▸ SOURCE MATERIAL
____________________

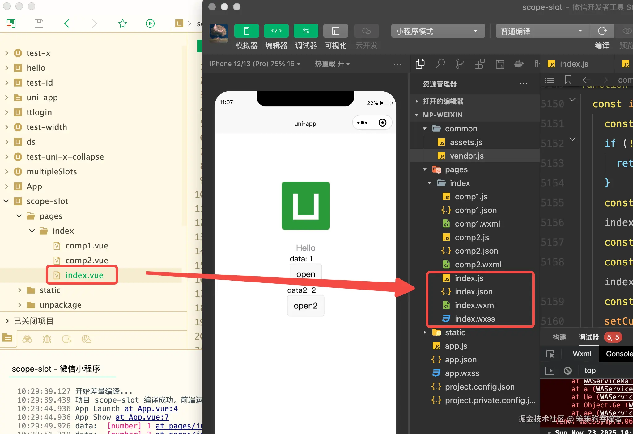 uniapp 编译到 小程序,一个 vue 组件编译结束之后会生成四个文件,以微信小程序举例
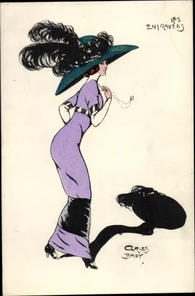 Künstler Ak Bady, C., Frau mit großem Federhut, Halskette, Les Entravees
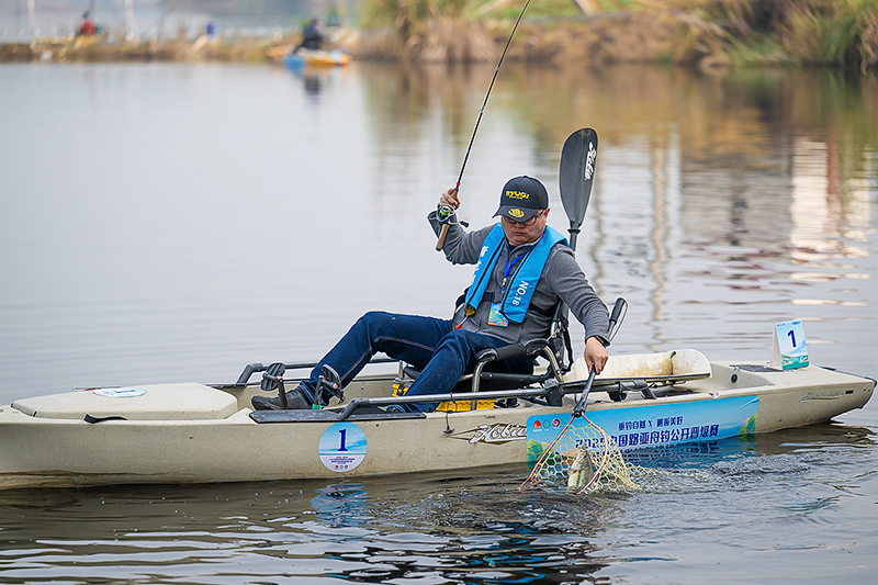 当天,路亚舟钓公开晋级赛和钓鱼锦标积分赛两个赛事同时开展。路亚舟钓公开晋级赛选手驾驶无动力卡亚克船在规定的区域内垂钓,鲈鱼、鲌鱼为有效鱼种,最终核算出所钓鱼的长度;锦标积分赛选手在规定区域使用4.5米手竿垂钓,最终评选出所钓鱼的总重量。比赛场上,选手们沉着冷静,挂饵、抛竿、起竿、取鱼,动作一气呵成,鱼竿来回抛出美丽的弧度,形成一条美丽的风景线。
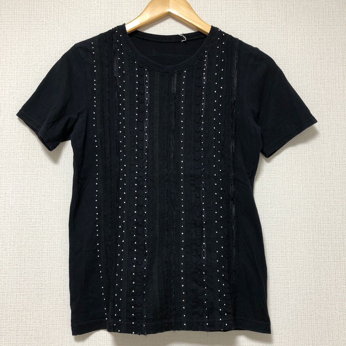 - (k) HaaT HeaRT ISSEY MIYAKE イッセイミヤケ 半袖 tシャツ Tee カットソー レディース 2 刺繍 パッチワーク 黒 ブラック コットン

____________________

▸ WHAT THIS TASK INVOLVES
Once you find the line that contains "当天,路亚舟钓公开晋级赛和钓", give it again along with every later line through the end of the data, word for word, minus the pictures.

▸ OUTPUT
 当天,路亚舟钓公开晋级赛和钓鱼锦标积分赛两个赛事同时开展。路亚舟钓公开晋级赛选手驾驶无动力卡亚克船在规定的区域内垂钓,鲈鱼、鲌鱼为有效鱼种,最终核算出所钓鱼的长度;锦标积分赛选手在规定区域使用4.5米手竿垂钓,最终评选出所钓鱼的总重量。比赛场上,选手们沉着冷静,挂饵、抛竿、起竿、取鱼,动作一气呵成,鱼竿来回抛出美丽的弧度,形成一条美丽的风景线。
 - (k) HaaT HeaRT ISSEY MIYAKE イッセイミヤケ 半袖 tシャツ Tee カットソー レディース 2 刺繍 パッチワーク 黒 ブラック コットン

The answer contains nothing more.